While the mirrorless camera certainly has caught up in terms of image quality, there are still some pretty big differences between the two.
Cameras like the Sony a7 offer a lot of resolution in a small body, but the usability isn’t the same—the battery dies after just a few hours, where most DSLRs can easily shoot all day.
It’s also impossible to have an optical viewfinder without a mirror (though electronic ones are improving). Larger camera bodies can actually be more comfortable when using larger lenses, and DSLRs often offer more features for the same price.
While the difference between between the two is becoming more personal preference than a quality issue, there are still a lot of reasons to choose a DSLR.
I upgraded my camera just a few months ago—and I went with the trusty DSLR. Switching to mirrorless was certainly on my radar, as I briefly considered picking up a Fujifilm.
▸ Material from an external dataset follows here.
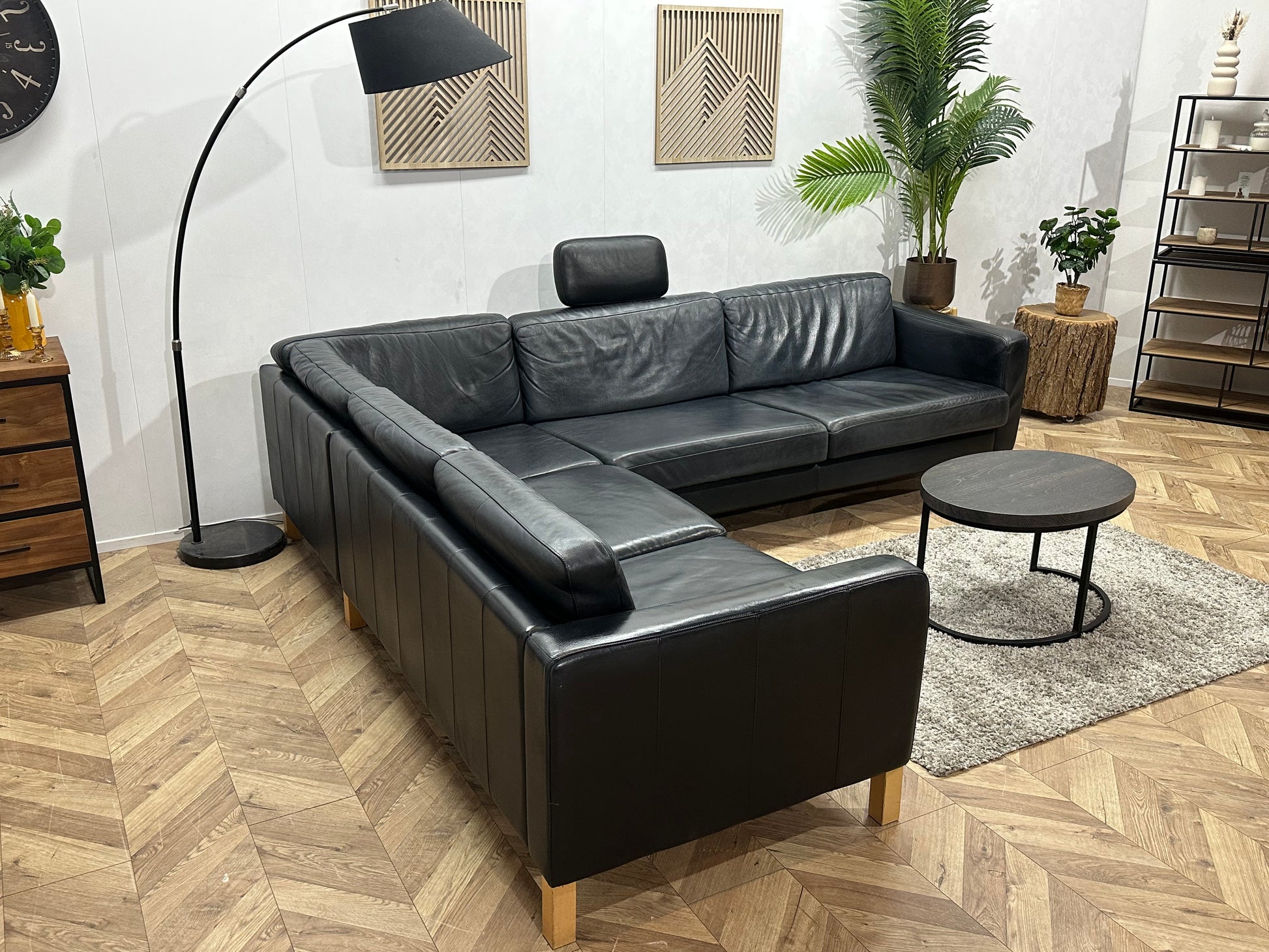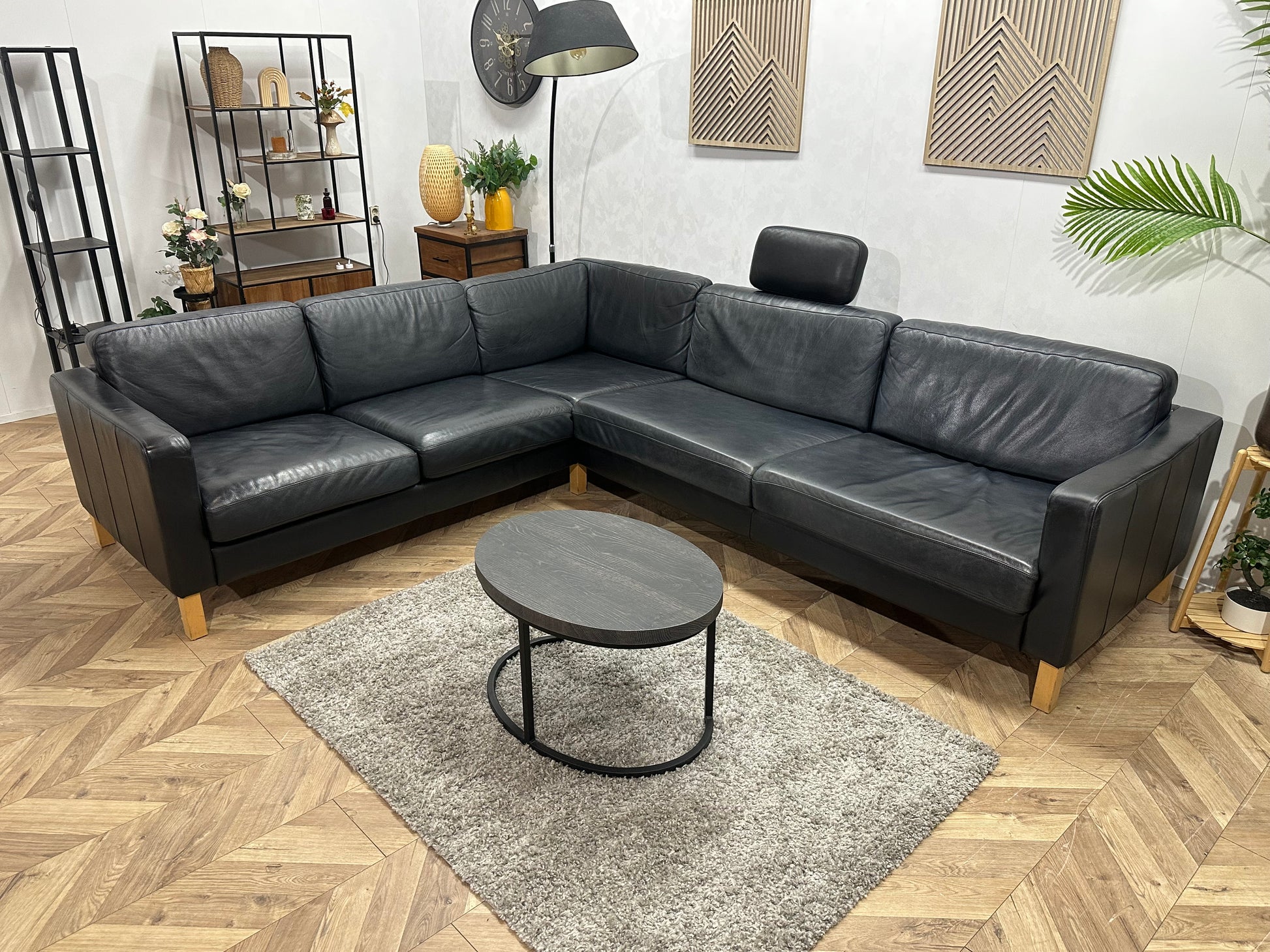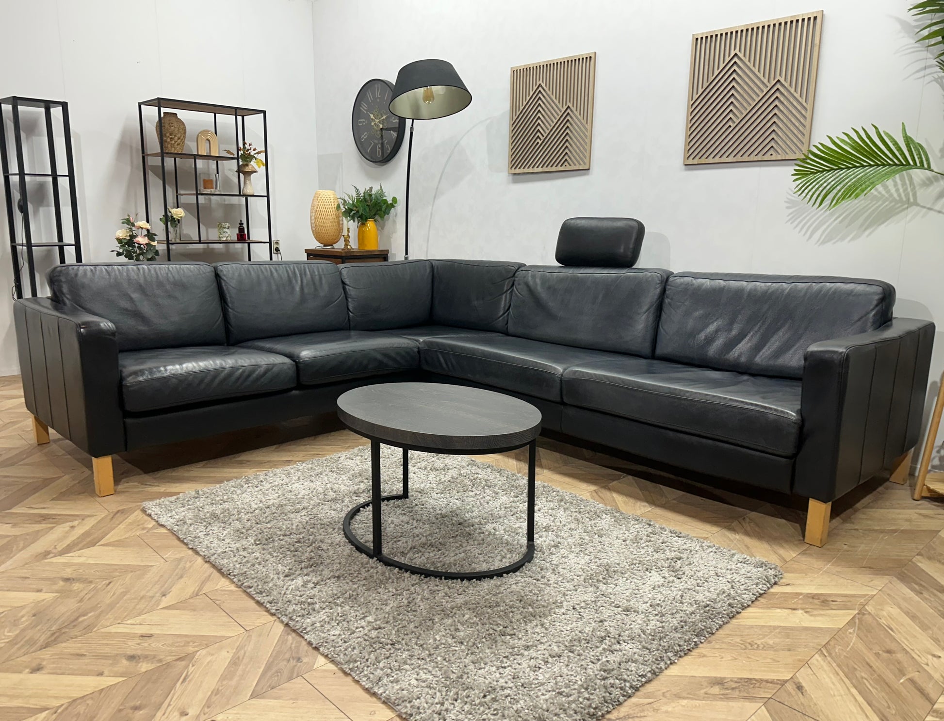 Zwarte Echt Lederen Hoekbank ~ Losse Kussens Met Afneembare Hoezen

But replacing all my lenses and flashes would have been a major expense and one that I wasn’t willing to undertake just for the sake of having a smaller camera. The battery life is also still a big issue for me—I can get well over 1,000 shots from my Nikon D7200 without having to switch batteries in the middle of a wedding.
What about the camera market?
Despite the relatively low use of mirrorless cameras on the social photo sharing site, the camera market actually appears to be stabilizing. But because of factors like cost and battery life, the mirrorless rise is just happening slower than many expected.
After seeing decreases in camera sales since about 2010, this year has actually seen fewer dramatic drops, suggesting that the market may finally be leveling out. Data released by the Camera and Imaging Products Association (CIPA) shows that fewer cameras are being shipped this year, but it also shows fewer dramatic drops than just two years ago. Where 2012 and 2013 showed steep declines, 2015 sees just marginal quarterly changes. It’s a bit too early to tell—but the charts appear to finally be leveling out.
Focus just on the mirrorless market, and the numbers appear even brighter.
This summer, Sony reported record sales for their mirrorless products, thanks largely to the full frame a7 line. How big of a boost? A nice 66 percent increase, according to a study by the NDP Group. The same study showed a rise in the overall sales of mirrorless cameras of about 16 percent. At the same time, DSLR sales fell by about 15 percent, so mirrorless cameras do appear to be taking up a small chunk of the sale of traditional interchangeable lens cameras. While mirrorless has yet to make an impact on the Flickr community, the actual sales numbers are increasing.
Mirrorless cameras have made huge improvements since they first entered the market, but they haven’t quite taken hold of the photography community—or at least the Flickr community. DSLRs are still a top choice among professionals and enthusiasts, and with mirrorless cameras starting to increase sales, the camera market is showing signs of leveling out.
Post by Hillary K. Grigonis, a Michigan-based lifestyle photographer. When she’s not taking pictures, she’s writing (about taking pictures).